You could also assign more than one variable if yoiu replace an unused one:

Code: Select all

@echo off
setlocal

rem setup formula
set "sum(x,y,z)=([], x+y+z)"

rem set 3 parameters
set /A "sum=%sum(x,y,z):[]=x=1, y=2, z=3%"
echo sum==%sum%==x[x=%x%]+y[y=%y%]+z[z=%z%]

rem simulate parameters using variables
set /A "x=2, y=3, z=4, sum=%sum(x,y,z)%"
echo sum==%sum%==x[x=%x%]+y[y=%y%]+z[z=%z%]

rem one parameter and some variables
set /A "x=3, y=4, sum=%sum(x,y,z):[]=z=5%"
echo sum==%sum%==x[x=%x%]+y[y=%y%]+z[z=%z%]

rem of course the order is not important
set /A "y=5, sum=%sum(x,y,z):[]=z=6,x=4%"
echo sum==%sum%==x[x=%x%]+y[y=%y%]+z[z=%z%]

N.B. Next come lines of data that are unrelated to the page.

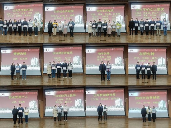 学院领导班子分别为优秀党支部书记、师德师风优秀人员、年度考核个人优秀人员、管理先锋、就业先进个人、上海高校辅导员团队拓展活动一等奖、优秀辅导员、创新创业贡献奖、学科建设贡献奖、产学研协同之星奖、研究生贡献奖、优秀班主任、教学先锋、优秀教学建设奖、高水平论文之星奖、科研先锋奖、国际交流贡献奖等获奖教职工颁奖。
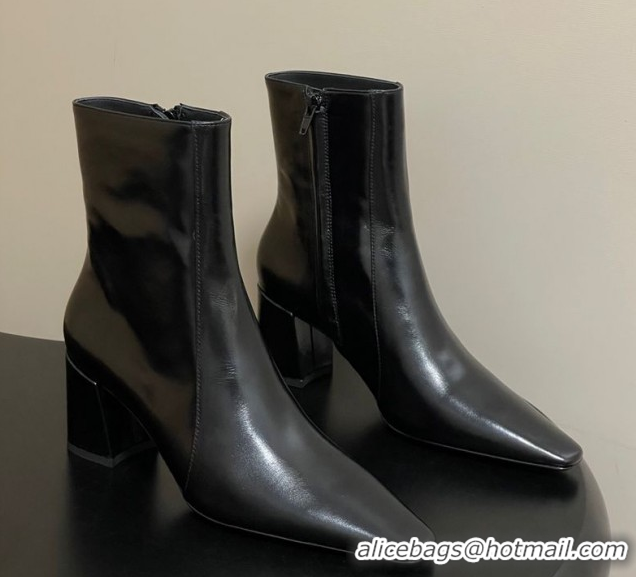 Good Product Saint Laurent Rainer Heel Ankle Boots 7.5cm in Shiny Leather Black 1028105
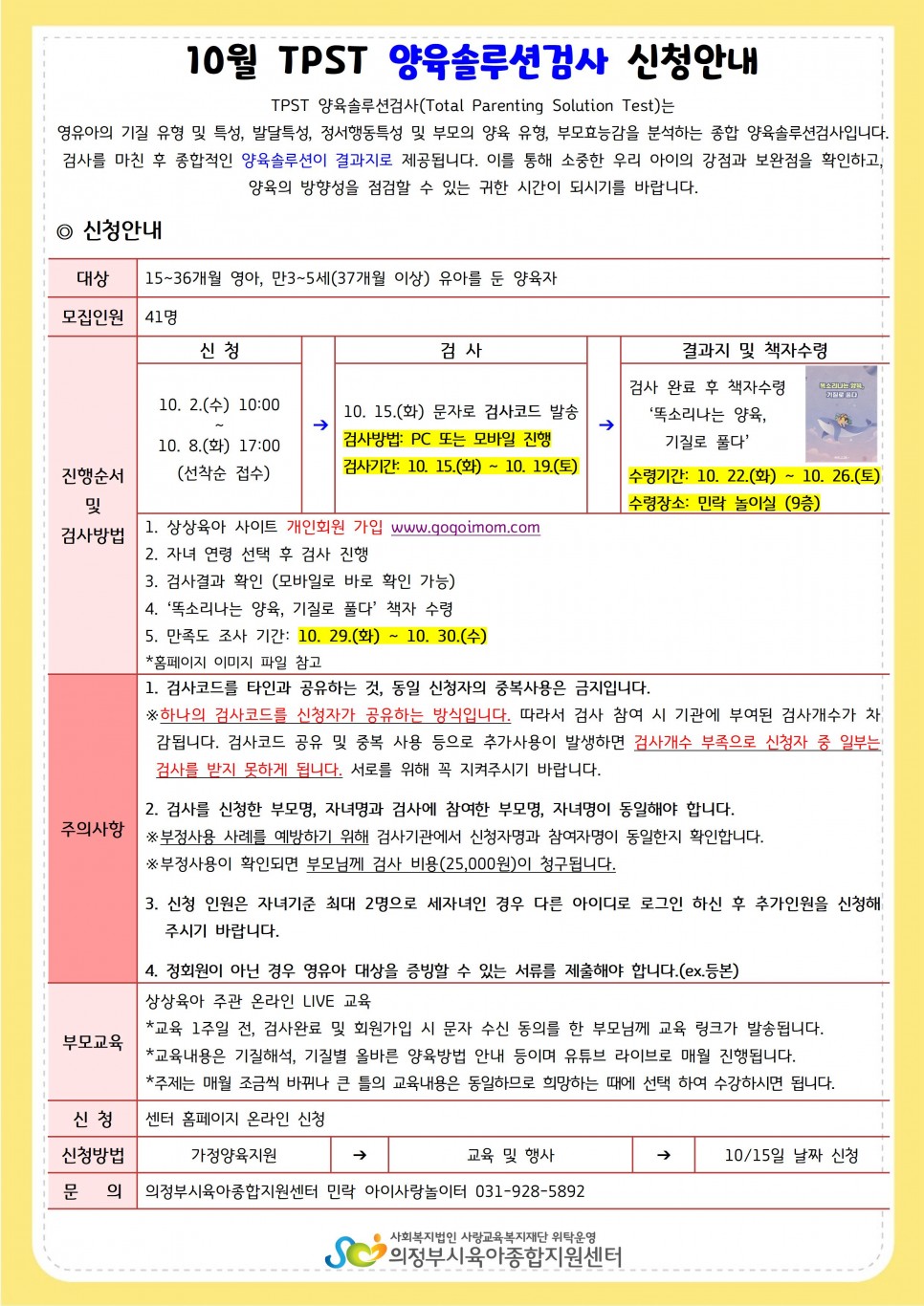 [놀이지도] 10월 TPST 양육솔루션검사 신청안내 > 공지사항
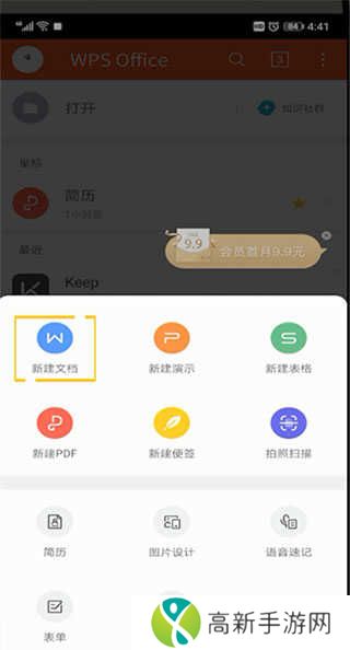 2、在弹出的界面中,选择新建文档;
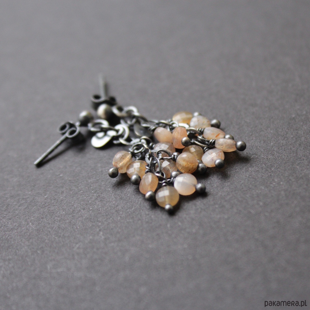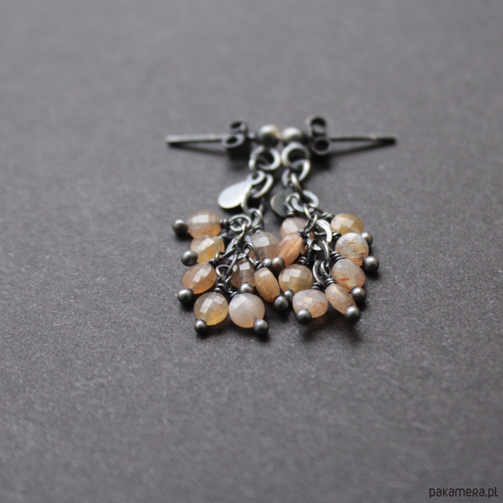 Kolczyki wykonane zostały z oksydowanego srebra próby 925 oraz fasetowanych kamienie słonecznych wielkości 0,4 cm.
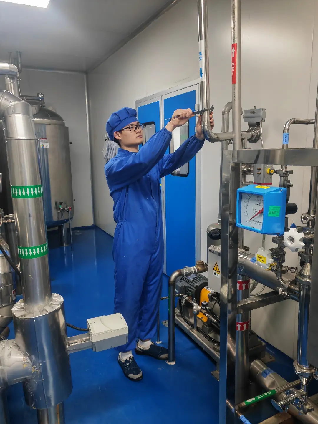 2022年6月,懷揣著“通過設(shè)備技術(shù)創(chuàng)新改進(jìn),提高車間產(chǎn)品的質(zhì)量和生產(chǎn)速度”的夢(mèng)想,他申請(qǐng)從配方轉(zhuǎn)崗至設(shè)備工程師。轉(zhuǎn)崗之初,接到報(bào)修后他不敢一個(gè)人去現(xiàn)場(chǎng),必須拉上老師傅陪同。因此崗位上傳出了“柯定華他不會(huì)修,和我們一樣站在旁邊看,不知道他非要去機(jī)修干嘛”的聲音。柯定華深知“踏石留印、抓鐵有痕”的道理,從力所能及的事情開始干,換輪子、換門鎖、換開關(guān)、打膠、拆一根線接一根線的換傳感器、照葫蘆畫瓢式的換備件……夢(mèng)想從學(xué)習(xí)開始,事業(yè)靠本領(lǐng)成就。漸漸地,柯定華讓車間看見,他已經(jīng)從“雜工”成長(zhǎng)為了配方設(shè)備維修的“行家”。流化床原先棄用的真空吸料管道內(nèi)壁無(wú)法徹底清潔,柯定華通過技改將對(duì)穿螺絲法蘭改為快裝盲板,使得清場(chǎng)時(shí)可將盲板取下深度清潔到管道內(nèi)壁,避免藥粉藏于死角產(chǎn)生交叉污染的風(fēng)險(xiǎn);原先流化床充氣密封圈頻繁漏氣,他通過技改更換螺紋式氣管接頭為快插式氣管接頭,并培訓(xùn)崗位人員,使得密封圈破損頻率大大降低,減少了生產(chǎn)過程中由于密封圈破損造成物料暴露于空氣中受污染的風(fēng)險(xiǎn)等等。根深才能葉茂,本固方可枝榮。GLATT制粒線如今煥然一新,精神抖擻,發(fā)生故障頻率遠(yuǎn)低于從前。

Wow! This is the type of details I love about a new development: that it may serve as base for new developments! Although your example is interesting, there is a fundamental concept missing on it: the parameter. As I said in my answer to Squashman, the keypoint that makes these "functions" unique are its ability to take parameters in a way equivalent to functions in other programming languages. In your example the "parameters" are totally useless because the same behavior and result may be obtained with less, more of different named parameters in the definition, or with no parameters at all. For example:

Code: Select all

rem setup formula with 3 "parameters"
set "sum(x,y,z)=([], x+y+z)"

rem set 3 parameters
set /A "sum=%sum(x,y,z):[]=x=1, y=2, z=3%"
echo 3 parameters:
echo sum==%sum%==x[x=%x%]+y[y=%y%]+z[z=%z%]

rem setup formula with no parameters
set "sum()=([], x+y+z)"

rem the same...
set /A "sum=%sum():[]=x=1, y=2, z=3%"
echo No parameters:
echo sum==%sum%==x[x=%x%]+y[y=%y%]+z[z=%z%]

rem setup formula with whichever parameters
set "sum(O,PQ,RST,UVWXYZ)=([], x+y+z)"

rem the same...
set /A "sum=%sum(O,PQ,RST,UVWXYZ):[]=x=1, y=2, z=3%"
echo Whichever parameters:
echo sum==%sum%==x[x=%x%]+y[y=%y%]+z[z=%z%]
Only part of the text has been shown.